_TASK BRIEF_
For the entries below, repeat exactly each line starting with the one that contains "Mit der schlichten" and going on through the one that contains "Heart-Shaped Chocolate Thumbprint", and no others.

*** SOURCE DATA Section Begins ***

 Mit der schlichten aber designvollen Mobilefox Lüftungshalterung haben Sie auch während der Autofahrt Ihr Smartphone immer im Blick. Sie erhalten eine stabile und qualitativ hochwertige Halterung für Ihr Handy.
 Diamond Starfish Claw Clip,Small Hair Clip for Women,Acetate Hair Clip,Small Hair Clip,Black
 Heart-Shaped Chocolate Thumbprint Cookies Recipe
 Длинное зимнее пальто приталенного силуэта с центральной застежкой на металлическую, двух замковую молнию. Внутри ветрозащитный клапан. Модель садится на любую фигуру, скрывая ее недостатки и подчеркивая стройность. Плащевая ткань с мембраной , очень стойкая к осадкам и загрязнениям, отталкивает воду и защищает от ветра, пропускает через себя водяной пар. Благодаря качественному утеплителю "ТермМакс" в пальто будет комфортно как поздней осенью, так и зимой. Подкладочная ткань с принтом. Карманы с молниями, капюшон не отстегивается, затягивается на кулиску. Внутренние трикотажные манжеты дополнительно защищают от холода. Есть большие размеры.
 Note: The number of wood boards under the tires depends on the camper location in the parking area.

*** SOURCE DATA Section Ends ***
*** SOURCE DATA Section Begins ***

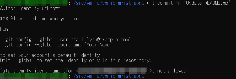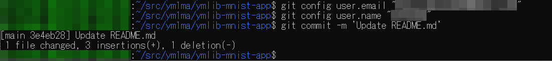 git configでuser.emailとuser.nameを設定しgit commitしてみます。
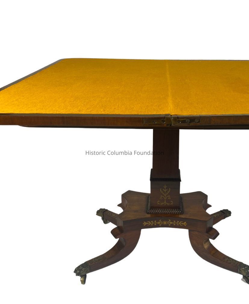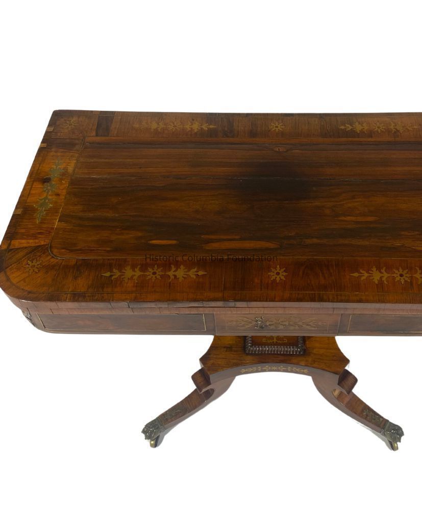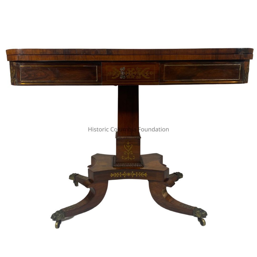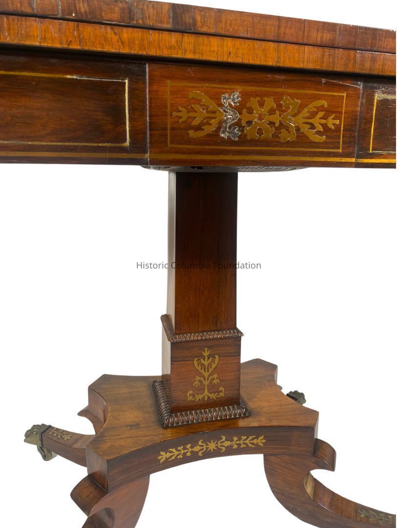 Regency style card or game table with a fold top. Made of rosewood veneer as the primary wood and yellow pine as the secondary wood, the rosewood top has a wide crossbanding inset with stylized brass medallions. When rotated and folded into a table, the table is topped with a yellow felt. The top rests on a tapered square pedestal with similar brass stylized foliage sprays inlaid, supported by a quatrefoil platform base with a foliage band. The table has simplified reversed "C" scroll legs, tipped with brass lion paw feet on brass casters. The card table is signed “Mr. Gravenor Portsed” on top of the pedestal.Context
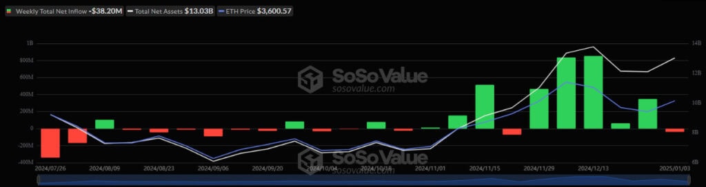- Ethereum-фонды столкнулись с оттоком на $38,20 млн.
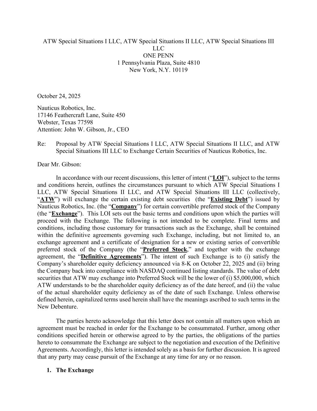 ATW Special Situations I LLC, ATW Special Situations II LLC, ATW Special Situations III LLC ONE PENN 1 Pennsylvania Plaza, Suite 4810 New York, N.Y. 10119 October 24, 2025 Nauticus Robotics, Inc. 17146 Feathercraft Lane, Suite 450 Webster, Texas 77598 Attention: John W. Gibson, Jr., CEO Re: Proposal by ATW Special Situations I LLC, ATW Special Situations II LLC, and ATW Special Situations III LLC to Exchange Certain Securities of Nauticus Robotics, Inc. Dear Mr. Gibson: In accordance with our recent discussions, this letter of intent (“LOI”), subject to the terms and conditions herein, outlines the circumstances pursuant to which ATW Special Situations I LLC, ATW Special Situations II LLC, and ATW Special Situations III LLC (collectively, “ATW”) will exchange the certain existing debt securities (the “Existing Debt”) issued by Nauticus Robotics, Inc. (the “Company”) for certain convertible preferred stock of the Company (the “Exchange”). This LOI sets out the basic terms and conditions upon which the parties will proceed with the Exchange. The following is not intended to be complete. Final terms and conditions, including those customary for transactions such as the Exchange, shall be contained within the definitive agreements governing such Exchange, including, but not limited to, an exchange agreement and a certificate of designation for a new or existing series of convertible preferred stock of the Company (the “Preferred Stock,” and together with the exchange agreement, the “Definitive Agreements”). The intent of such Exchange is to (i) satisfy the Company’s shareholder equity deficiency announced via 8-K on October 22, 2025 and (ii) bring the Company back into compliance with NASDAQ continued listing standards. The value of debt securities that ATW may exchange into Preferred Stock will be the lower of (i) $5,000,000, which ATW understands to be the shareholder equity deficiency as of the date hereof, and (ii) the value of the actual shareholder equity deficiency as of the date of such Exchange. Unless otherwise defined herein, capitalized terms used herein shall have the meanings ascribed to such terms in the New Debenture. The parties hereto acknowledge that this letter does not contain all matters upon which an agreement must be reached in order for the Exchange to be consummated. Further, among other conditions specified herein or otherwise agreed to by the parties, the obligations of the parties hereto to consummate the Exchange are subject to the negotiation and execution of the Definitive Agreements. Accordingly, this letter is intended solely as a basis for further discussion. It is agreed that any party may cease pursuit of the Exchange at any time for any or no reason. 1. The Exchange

*** SOURCE DATA Section Ends ***

_RESPONSE TO THE EXERCISE_
 Mit der schlichten aber designvollen Mobilefox Lüftungshalterung haben Sie auch während der Autofahrt Ihr Smartphone immer im Blick. Sie erhalten eine stabile und qualitativ hochwertige Halterung für Ihr Handy.
 Diamond Starfish Claw Clip,Small Hair Clip for Women,Acetate Hair Clip,Small Hair Clip,Black
 Heart-Shaped Chocolate Thumbprint Cookies Recipe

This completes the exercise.